# EXERCISE INSTRUCTIONS:
The entries below are to be reproduced exactly, with their pictures omitted.

Start of AVAILABLE RECORDS

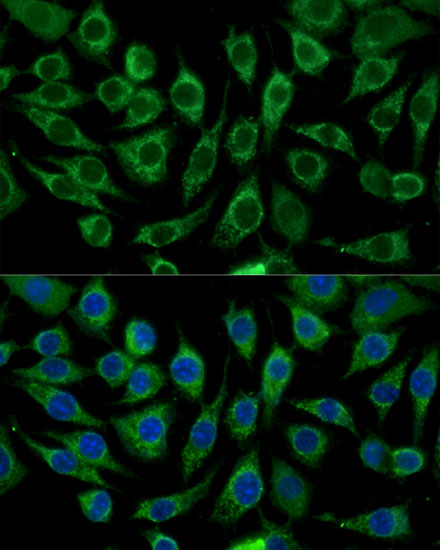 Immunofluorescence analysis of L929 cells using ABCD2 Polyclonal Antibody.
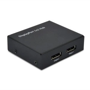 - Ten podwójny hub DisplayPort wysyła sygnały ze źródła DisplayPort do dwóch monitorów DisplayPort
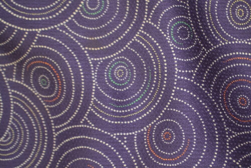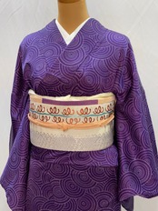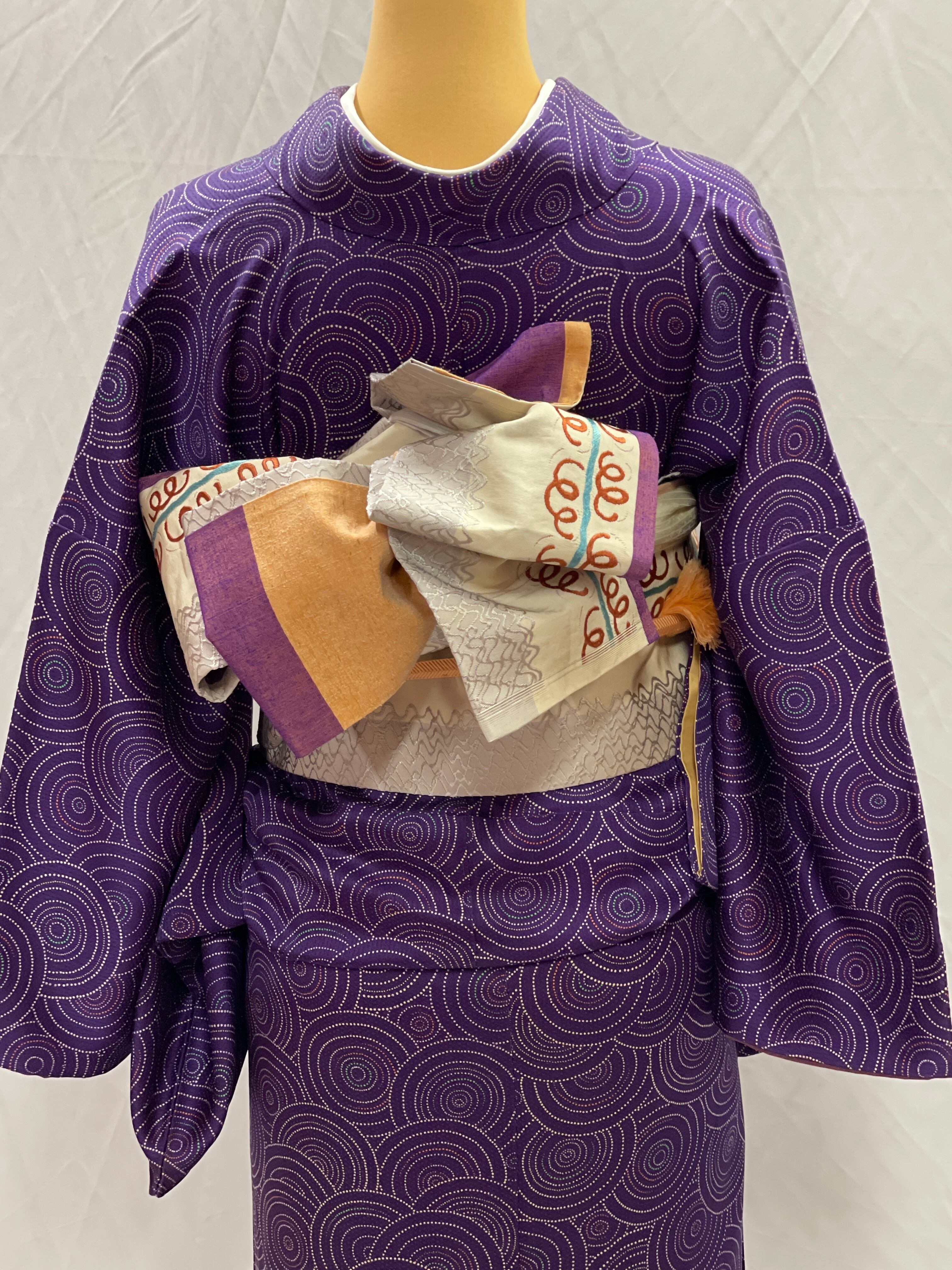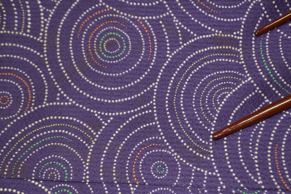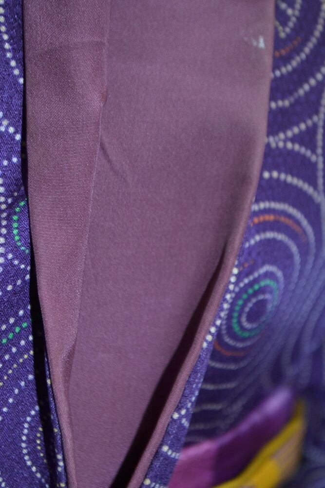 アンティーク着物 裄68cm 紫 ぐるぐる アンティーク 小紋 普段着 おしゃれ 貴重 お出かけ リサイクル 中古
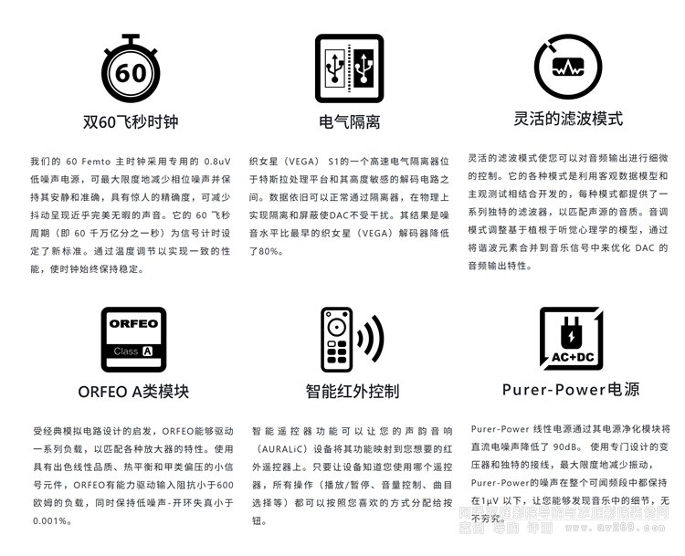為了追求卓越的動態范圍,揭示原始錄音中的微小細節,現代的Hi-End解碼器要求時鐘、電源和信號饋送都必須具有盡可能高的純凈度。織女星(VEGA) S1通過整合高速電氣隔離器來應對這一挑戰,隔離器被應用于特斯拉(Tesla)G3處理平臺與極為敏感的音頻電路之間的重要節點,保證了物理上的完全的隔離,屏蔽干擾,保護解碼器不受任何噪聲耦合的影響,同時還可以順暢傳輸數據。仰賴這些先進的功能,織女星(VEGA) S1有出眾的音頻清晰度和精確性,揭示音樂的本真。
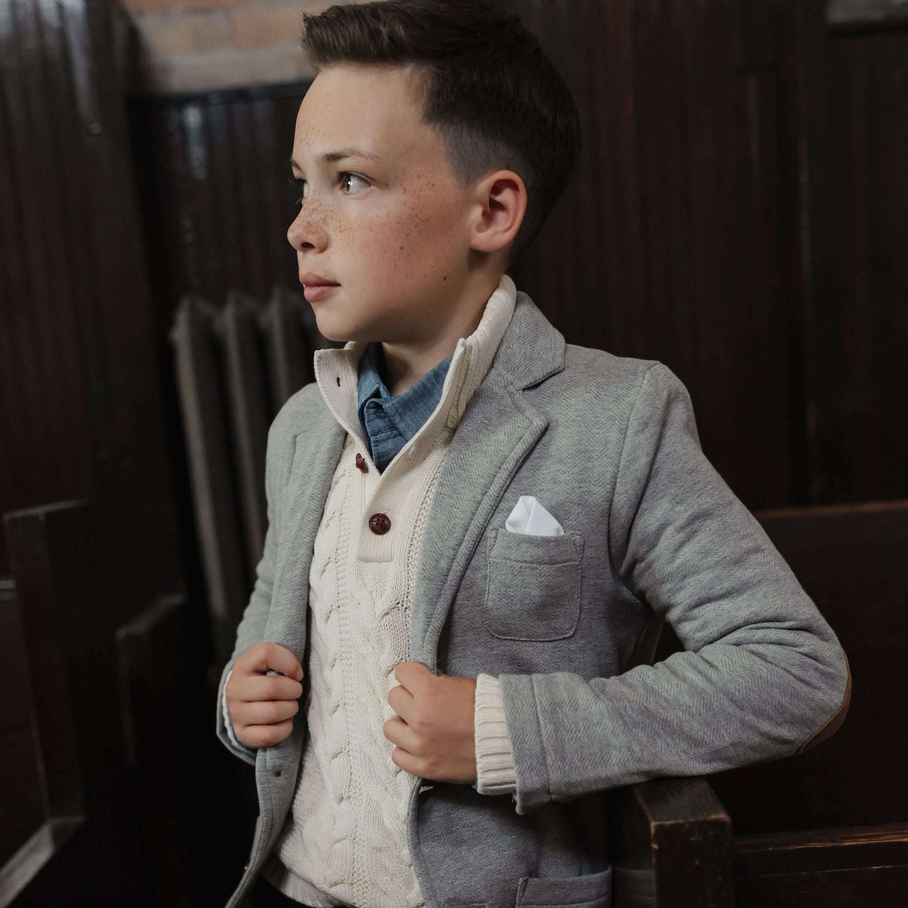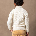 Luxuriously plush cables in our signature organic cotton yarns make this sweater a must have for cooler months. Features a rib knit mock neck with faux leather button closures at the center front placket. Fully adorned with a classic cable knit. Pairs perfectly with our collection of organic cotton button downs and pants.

End of AVAILABLE RECORDS

# ANSWER SECTION:
 Immunofluorescence analysis of L929 cells using ABCD2 Polyclonal Antibody.
 - Ten podwójny hub DisplayPort wysyła sygnały ze źródła DisplayPort do dwóch monitorów DisplayPort
 アンティーク着物 裄68cm 紫 ぐるぐる アンティーク 小紋 普段着 おしゃれ 貴重 お出かけ リサイクル 中古
為了追求卓越的動態范圍,揭示原始錄音中的微小細節,現代的Hi-End解碼器要求時鐘、電源和信號饋送都必須具有盡可能高的純凈度。織女星(VEGA) S1通過整合高速電氣隔離器來應對這一挑戰,隔離器被應用于特斯拉(Tesla)G3處理平臺與極為敏感的音頻電路之間的重要節點,保證了物理上的完全的隔離,屏蔽干擾,保護解碼器不受任何噪聲耦合的影響,同時還可以順暢傳輸數據。仰賴這些先進的功能,織女星(VEGA) S1有出眾的音頻清晰度和精確性,揭示音樂的本真。
 Luxuriously plush cables in our signature organic cotton yarns make this sweater a must have for cooler months. Features a rib knit mock neck with faux leather button closures at the center front placket. Fully adorned with a classic cable knit. Pairs perfectly with our collection of organic cotton button downs and pants.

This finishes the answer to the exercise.